Metabolismo hepático

Como há metabolismo no fígado, remédios que alteram enzimas hepáticas podem influenciar níveis de clorpromazina. Sempre que iniciar, suspender ou ajustar outro medicamento, informe o time de saúde.

Perfil de segurança: efeitos adversos e sinais de alerta

Todo medicamento pode causar efeitos colaterais. Muitas vezes eles são leves e transitórios, mas alguns exigem avaliação rápida. A seguir estão efeitos possíveis e sinais de alerta para procurar atendimento.

Efeitos adversos comuns (podem ocorrer)

  • Sonolência e lentificação;
  • Tontura (especialmente ao levantar);
  • Hipotensão ortostática (queda de pressão ao mudar de posição);
  • Boca seca e constipação;
  • Visão turva ou desconforto ocular;
  • Aumento de apetite em algumas pessoas;
  • Alterações hormonais (como aumento de prolactina) dependendo do indivíduo e dose.

Efeitos menos comuns, porém relevantes

  • Reações extrapiramidais: rigidez, tremor, distonia (contrações involuntárias), acatisia (inquietação);
  • Alterações do movimento persistentes em casos raros (discinesia tardia);
  • Alterações metabólicas (peso, glicemia, lipídios) ao longo do tempo, conforme resposta individual;
  • Alterações do ritmo cardíaco em situações específicas, geralmente exigindo avaliação clínica;
  • Problemas sanguíneos raros (ex.: queda de células do sangue), que precisam de monitoramento quando indicado.

Sinais de alerta: procure atendimento rapidamente

  • Febre alta, rigidez muscular importante, confusão e alterações de consciência;
  • Desmaio, palpitações fortes, dor no peito ou falta de ar;
  • Movimentos involuntários intensos ou incapacidade de permanecer parado;
  • Reação alérgica: urticária, inchaço de face/lábios, dificuldade para respirar;
  • Sinais de infecção persistente (dependendo do contexto), especialmente se acompanhado de palidez/fraqueza.

Segurança em populações específicas

  • Idosos: maior sensibilidade a tontura, quedas e sedação.
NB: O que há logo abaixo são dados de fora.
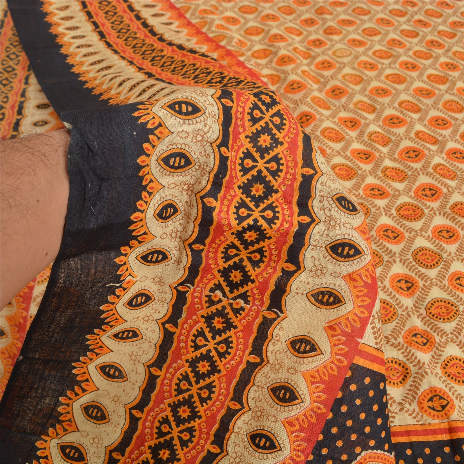 Sanskriti Vintage Sarees Orange Indian Pure Cotton Printed Sari 5yd Craft Sustainable Fabric

Pode ser necessário ajuste de dose e monitoramento.
  • Doença hepática: atenção especial ao metabolismo; ajuste e acompanhamento conforme orientação do profissional.
  • Histórico de arritmias ou uso de medicamentos que afetam o ritmo: avaliação cardiológica pode ser necessária.
  • Diabetes e risco metabólico: monitorar peso e exames quando indicado.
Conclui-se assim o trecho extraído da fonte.